A student protest in March over CPS’ decision to remove the graphic novel “Persepolis” from school classrooms. | Ting Shen~Sun-Times Media
After Chicago Public Schools were asked asked to remove “Persepolis,” a graphic novel depicting one woman’s childhood during the Islamic Revolution in Iran, from seventh-grade classrooms, Lane Tech College Prep students got to work. The resulting protest against the book’s removal has earned the students the Illinois Library Association’s 2013 Intellectual Freedom Award.
The award has been given to the Lane Tech student body and the school’s 451 Degrees Banned Book Club – an homage to Ray Bradbury’s classic Fahrenheit 451 about outlawed books – and recognizes their “advocacy for intellectual freedom through their responses.”

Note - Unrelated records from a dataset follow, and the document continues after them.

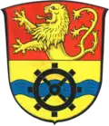 Blasonierung: „Geteilt, oben in Rot ein wachsender, doppelschwänziger, goldener Löwe; unten in Gold ein blauer Wellenbalken, überschnitten von einem schwarzen Mühlrad.“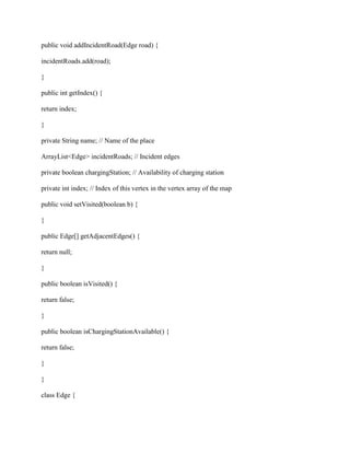 The document outlines a Java implementation of a roadmap system that includes classes for vertices and edges, representing locations and connections on a map, respectively. It provides command-line functionalities to load maps, check connections between locations, and determine the minimum number of assistance cars needed. The core functionalities are wrapped in a class that handles loading data from map files and provides methods for various query types, focusing on charging station availability.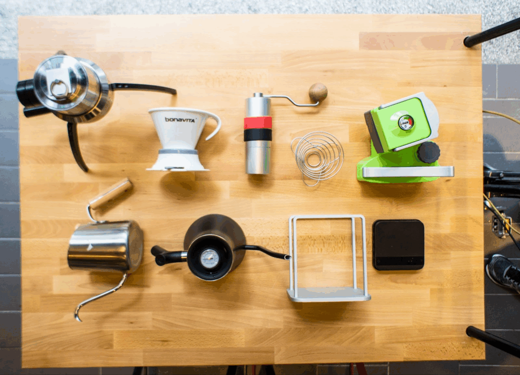 蔡治宇表示,除了咖啡飲品、熟豆外,身為資深玩家的他當然在店內也擺放了不少器材商品使用及販售。蔡治宇本身對於有特色、好用、手工感的東西特別感興趣,而店內展售的器具也一定是經由他嘗試後並認可的,才會想推薦、販售給客人。其中最受歡迎的是海勒磨豆機和Acaia磅秤,Acaia雖然價格不斐,但一分錢一分貨,內部最重要的零件據說使用相當於工業秤等級,且故障率極低,販售至今從沒遇過有人拿回來要維修。海勒磨豆機則是達文西咖啡的獨家商品,不論是刀盤、外觀設計、咖啡呈現的風味等表現都非常好,所有手搖磨豆機該有的優點幾乎都有了。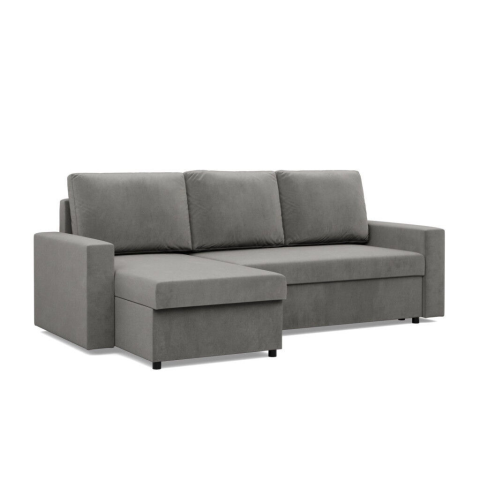 1 kép Greensite Zeus sarokkanapé, 2 ágyneműtartóval, egyenes kartámasz, bársony, univerzális oldal, hab töltet, világosszürke

In March, Chicago Public Schools removed the graphic novel from 7th grade classrooms because of its “powerful images of torture,” CEO Barbara Byrd-Bennett wrote in an e-mail to CPS principals.
Marjane Satrapi, the book’s author, told the Sun-Times, “it’s Chicago, you know, it’s not like some weird state. It’s a big shame, really. I’m absolutely shocked.”
The resulting removal sparked a student protest and the policy was eventually reverse. The Sun-Times reported –
Lane Technical High school students waved signs along Western Avenue after school Friday, chantingNo more banned books! and Let us read! under a freezing rain. Several said they had already read Persepolis as 7th graders. Their principal was told by his supervisor to remove all copies from classrooms and the school’s library, then to return them to the library, he told staffers in an email, without any reason.
Besides the award, the protest also netted students an appearance on PBS’ “Chicago Tonight.”